Стрелял я так, чтоб не задеть кость. Не то, чтоб мне жалко было дурака, но моим тут еще жить – настраивать против них деревню не хотелось. А так – припугнул и хорошо.
Через полчасика, как и ожидал, прибежал председатель – просить за дурака. Разговор шел при матушке. Ох, какие только льготы не пообещал он за своего сводного родственника. Пришлось простить. Тут и машина подоспела с флягами молока в кузове. Попрощался с братьями, приобнял матушку, сел в кабину, загнав экспедитора в кузов. Поехал.
Шофер оказался политически подкованным и, пока мы выбирались с проселочной на приличную дорогу, успел порадовать меня тем, что мы имеем счастье ехать на Советском полуторатонном автомобиле ГАЗ-АА, изготовленном в Нижнем Новгороде (с 1932 – Горький).
Мне всегда казалось странным восторженное восприятие скромных достижений государства последователям этого нового государства. Ну казалось бы, повторили старое американское изделие – чему радоваться. Шофер, как бы почуяв мои мысли, продолжил спич грузовику:
– В отличие от американского Форда, на ГАЗ-АА усилены картер сцепления, рулевой механизм, установлен воздушный фильтр, по нашим – советским чертежам спроектирован бортовой кузов, а кабина выполнена из дерева и прессованного картона, которая, кстати, потом будет заменена на металлическую с дерматиновой крышей.
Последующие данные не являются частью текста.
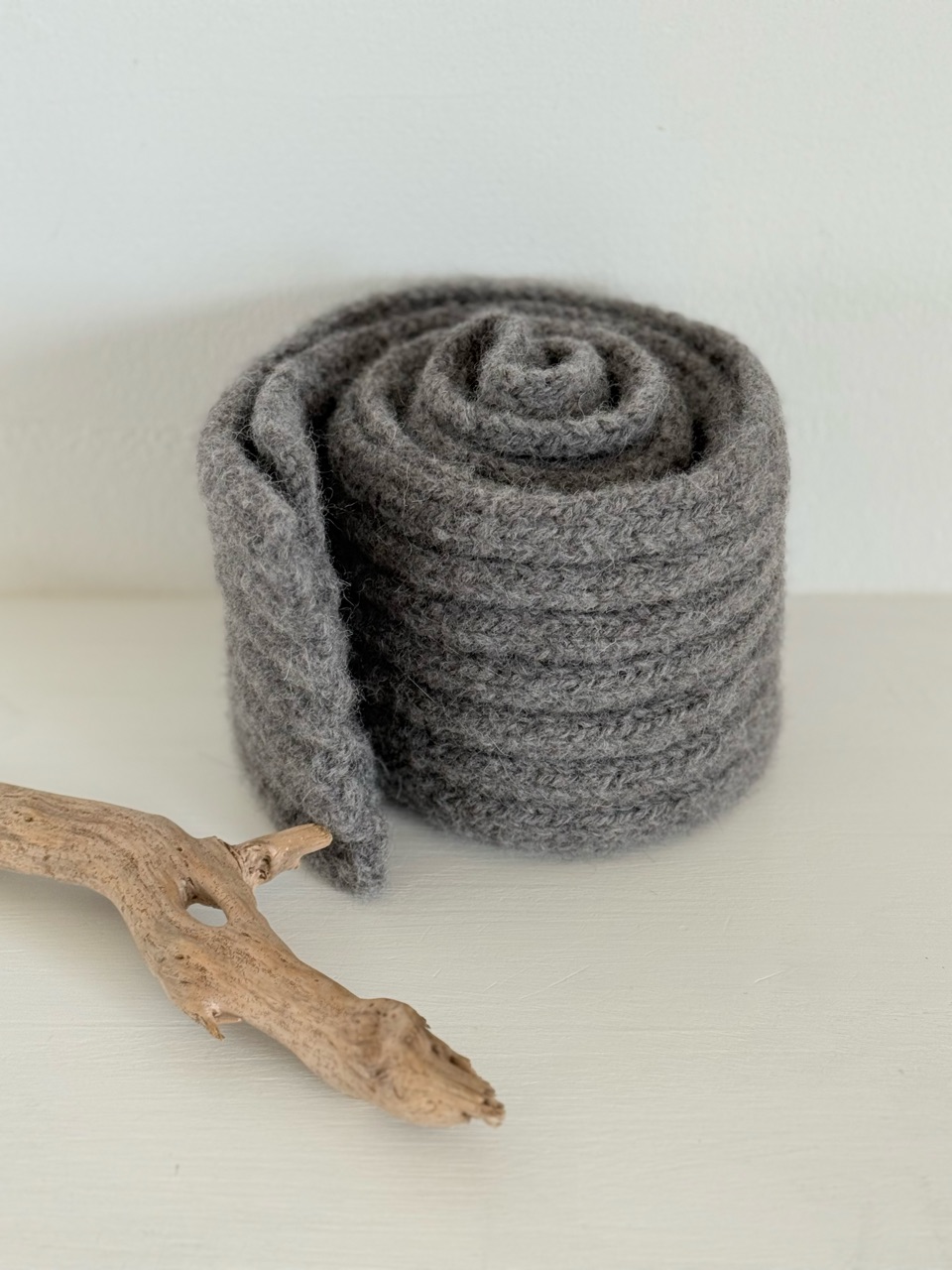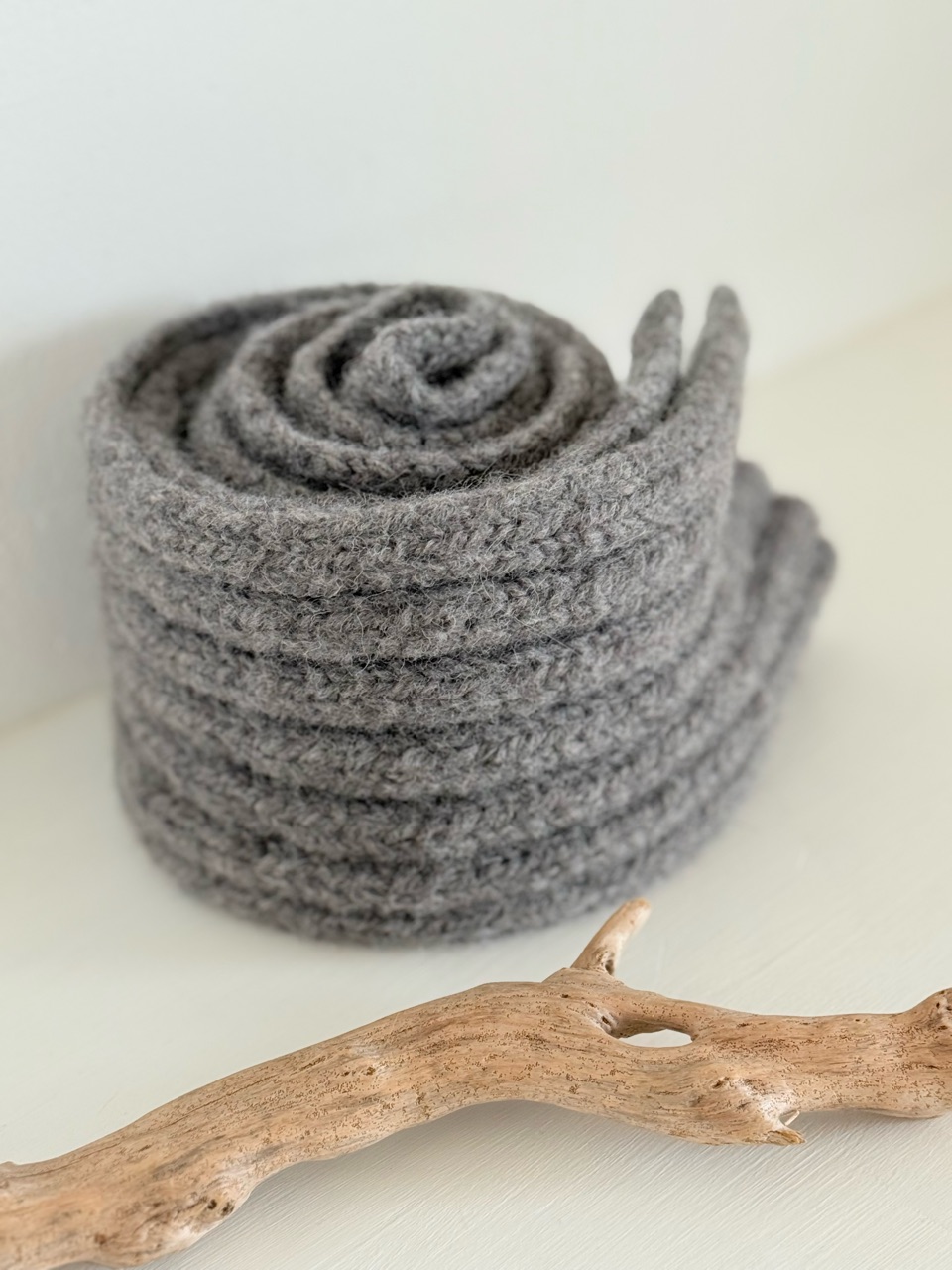 二目ゴム編みをひたすら長く編むだけの単純なのだけも、これが使いやすいそうです。
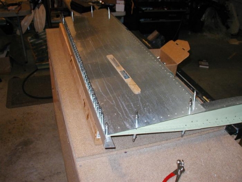 This went very well with the skin held open. It is clamped to the table as before but this time the top skin was held open with string from the trailing edge to screws on the edge of the table. Went perfectly. This was much easier than trying to work with the skin mostly closed with rivet gun pointing down instead of forward as would be for this method.
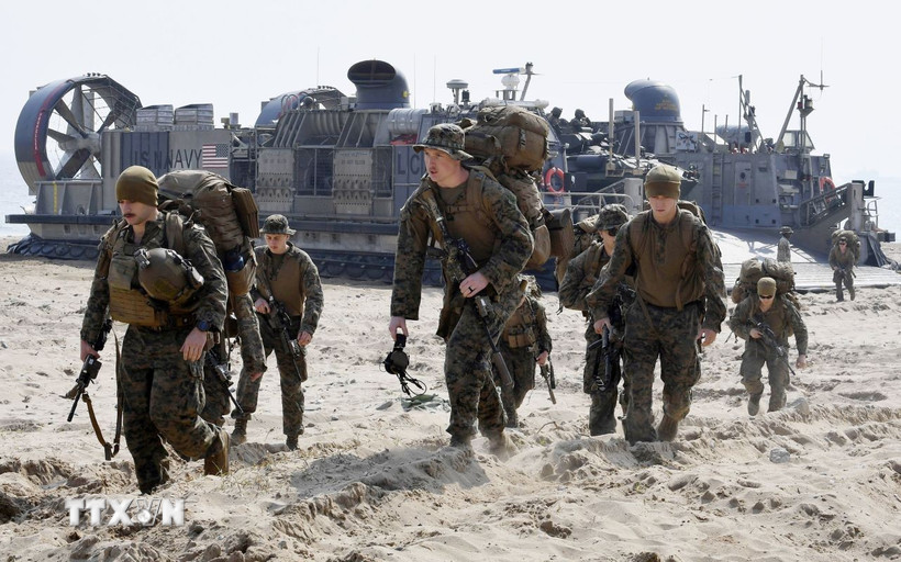 Lực lượng binh sỹ Mỹ tham gia một cuộc tập trận. (Ảnh: Kyodo/TTXVN)
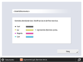 Tills du tar bort meddelandeskärmen kommer den att visas varje gång maskinen går ur viloläget eller huvudströmmen slås på. För att ta bort meddelandeskärmen behöver du genomföra åtgärden [Ta bort fel om återstående toner]. [Ta bort fel om återstående toner]

– Ты, наверное, комсомолец? – спросил я возбужденного водителя.
– Конечно! У нас в колхозе все механики комсомольцы. Бригадир – Мишка, у него трактор Фордзон-Путиловец, целых 20 лошадиных сил.
Я посмотрел на сияющее молодое лицо и, совершенно неожиданно для самого себя, попросил:
– Дай порулить.
– А ты умеешь?
– Конечно.
– Управлять полуторкой было непросто. Но я вспомнил школу ДОСААФ, где получали мы права в десятом классе. Там тоже был учебный грузовик ЗИЛ и для переключения скорости следовало дать прогазовку. Так что пару раз полуторка дернулась, а потом я уловил систему и машина поехала ровно. Я думал о том, что еду фактические на символе СССР – в мое время образ горьковского грузовика стал частью национального культурного кода, а внешний вид машины узнаваем и спустя многие десятилетия после завершения производства. На этом грузовике строили, воевали в Отечественную, а после войны восстанавливали разрушенное.
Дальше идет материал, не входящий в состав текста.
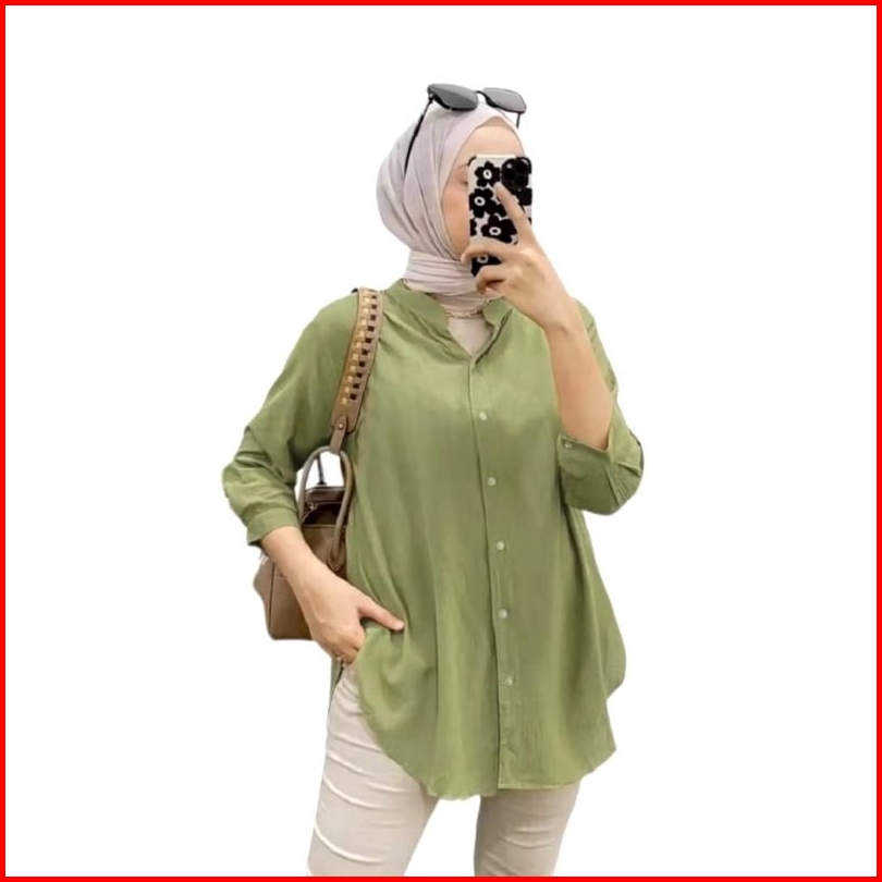 Kemeja Wanita Rayon Twill Polos Top Blouse Basic Kemeja Wanita Lengan 7 8 Wanita Over Size
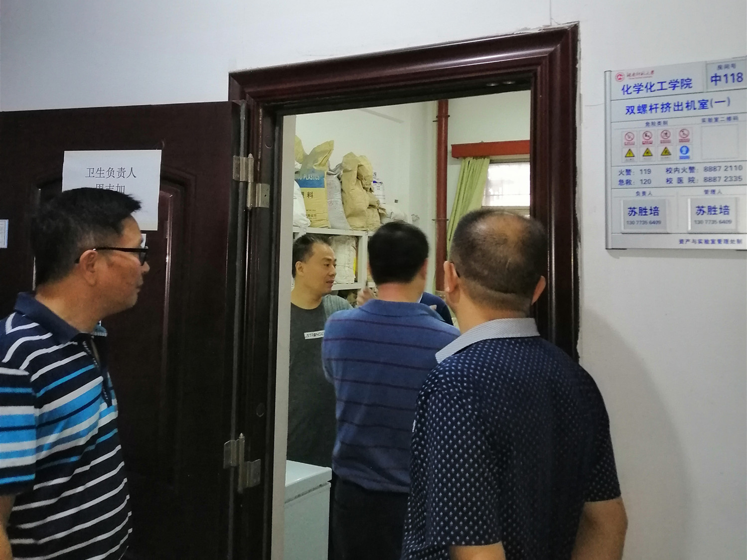 9月6日上午,由校资产与实验室管理处、科技处、教务处、保卫处组成的检查组对公司危化品安全管理工作进行了专项检查,公司党委书记于风江,副经理谭东波、谭亮等陪同检查。
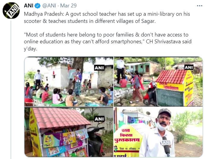 Madhya Pradesh government school teacher of Sagar district established a mini-school and library on his scooter to teach students whose schools have been shut due to the COVID-19 pandemic. With his mini-library on his scooter, Sagar Chandra Shrivastava moves around the villages and can be seen teaching kids in his outdoor class under the shade of a tree.
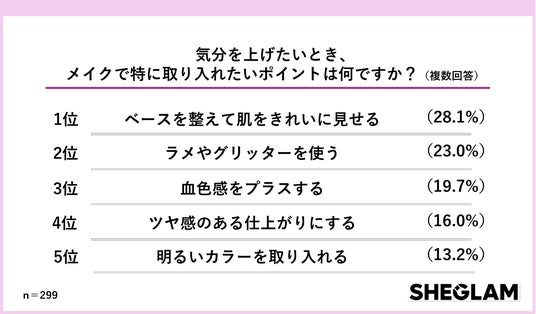「気分を上げたいとき、メイクで特に取り入れたいポイントは何ですか?」という質問では、1位「ベースを整えて肌をきれいに見せる」(28.1%)、2位「ラメやグリッターを使う」(23.0%)、3位「血色感をプラスする」(19.7%)、4位「ツヤ感のある仕上がりにする」(16.0%)、5位「明るいカラーを取り入れる」(13.2%)という結果に。
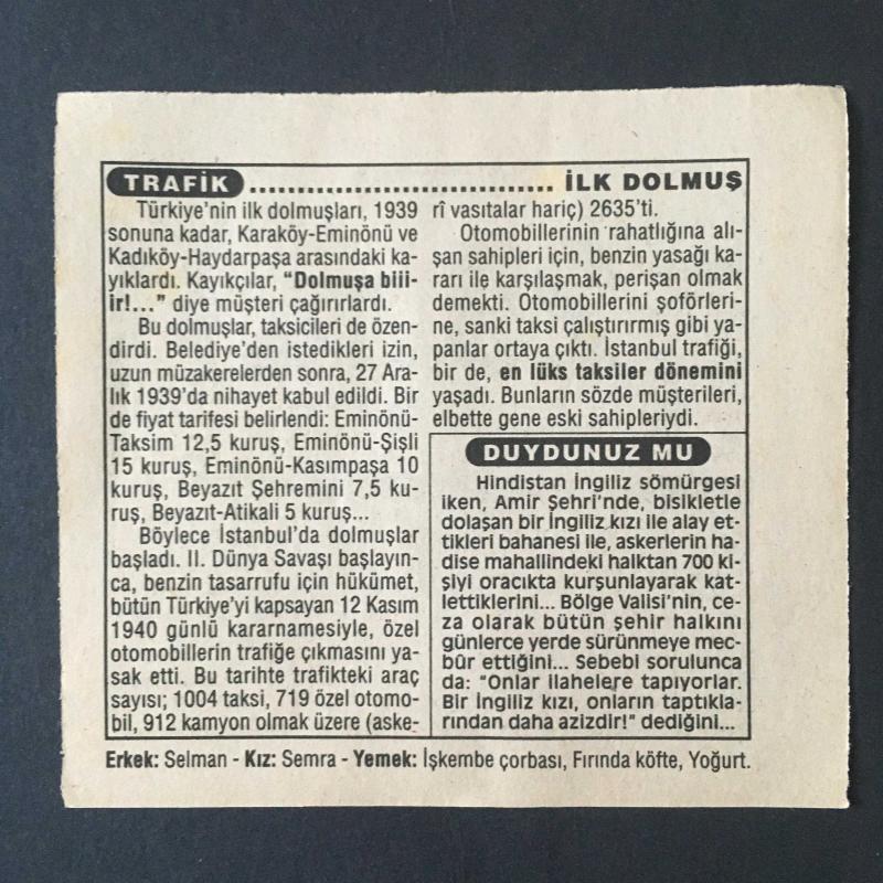 Gazeteler,dergiler,kitaplar harika hediyelerdir.Otantik,orijinal,nadir ve eski gazeteler,dergiler,kitaplar,efemeralar,objeler.Gazeteler bir aynadır.Kitaplar sadece okumak için değil birlikte yaşamak içindir . Kelimeler , notalar ,  sayılar kardeştirler.Kitaplar insanı binbir gözlü yapar.
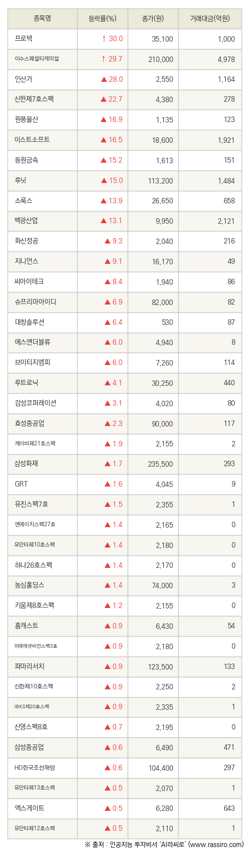 특히 프로텍은 전 거래일 대비 30.0% 오른 35,100원에 거래를 마감하여 높은 관심을 받았다.

А юный комсомолец справа, ревниво посматривая на то, как я веду его «ласточку», продолжал просвещать:
– Первоначально в СССР осуществлялась «отверточная сборка», машины собирали из поставляемых из США машинокомплектов. Собственно, в том же году в страну передали и чертежи фордовской машины. Изучив их, конструкторы приступили к переделки автомобиля. Уже в этом году полуторки собирают исключительно из деталей советского производства!
И он гордо посмотрел на меня, как бы прилагая, причисляя к тем, благодаря кому в государстве такое достижение – свой грузовик. Я подумал, что даже бизнесмен, купивший за 4,5 миллиона долларов Lamborghini Veneno Roadster, не испытывал такого удовольствия, как этот пацан за рулем допотопного грузовика.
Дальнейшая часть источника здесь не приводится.